One wonders if might be a coincidence with the introduction of the 1" VTR format.

The gap 1976 to 1977 seems crucial. But it was Hitachi that seemed to beat Ampex and Sony with their Type C VTR. Someone in this gap thought up the symbol. But there is not much to support it being Ampex.

tysm for the technical insight! I’ve been looking into the reel to reel/cassette side of things mostly. I’ve been trying to find out who filed the first patent for a pause function on a magnetic tape recorder, thinking that might correlate to the first use of the symbol. But it gets a little tricky cause lots of companies filed their own patents, and the function was called a “quick stop” at first, not pause. The earliest patent I’ve found was by Telefunken in 1956, but I have yet to see a telefunken device from the 50’s or 60’s with a double bar pause.

The earliest instance i’ve seen of the double-bar pause is in on a JVC 660U which hit the market in 1970. But I feel like there must be an earlier instance than this somewhere because… 10 whole years after the pause function was invented, we finally get the pause symbol? Really?
It became a lot more popular by the late 70’s/early 80s, but did not become official industry standard until 2004 (if i remember correctly, it mightve been 99). The other media control symbols were standardized long before that, I’ve seen them in an ISO publication from 1973, but pause wasn’t there. what all that means is that you could basically use whatever you wanted for your pause symbol. Sony and Philips used a down arrow/triangle pretty often. other companies just wrote “pause” or made something up. This is my favorite example of non-standard symbols on a recorder. Just look at those buttons lol.

But yeah fun fact! that weird circular pause symbol you mentioned actually became ISO standard before the double bar pause. it’s not very popular today though.

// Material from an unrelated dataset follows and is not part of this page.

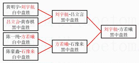 2.上半区半决赛刘宇航获胜, 比分:刘宇航 1:0 吕立言。棋局:

I know I’m more than thirteen years late here, but since we’re reviving this thread and this bit hasn’t been addressed, I might as well chip in. I’ve always assumed that the red dot for recording was inspired by the red warning light that has, for a long time, been used in live broadcasting (both radio and TV) to indicate that a camera or microphone was on air. I have no cites to back this up, I’ve simply assumed it because I, personally, found it obvious.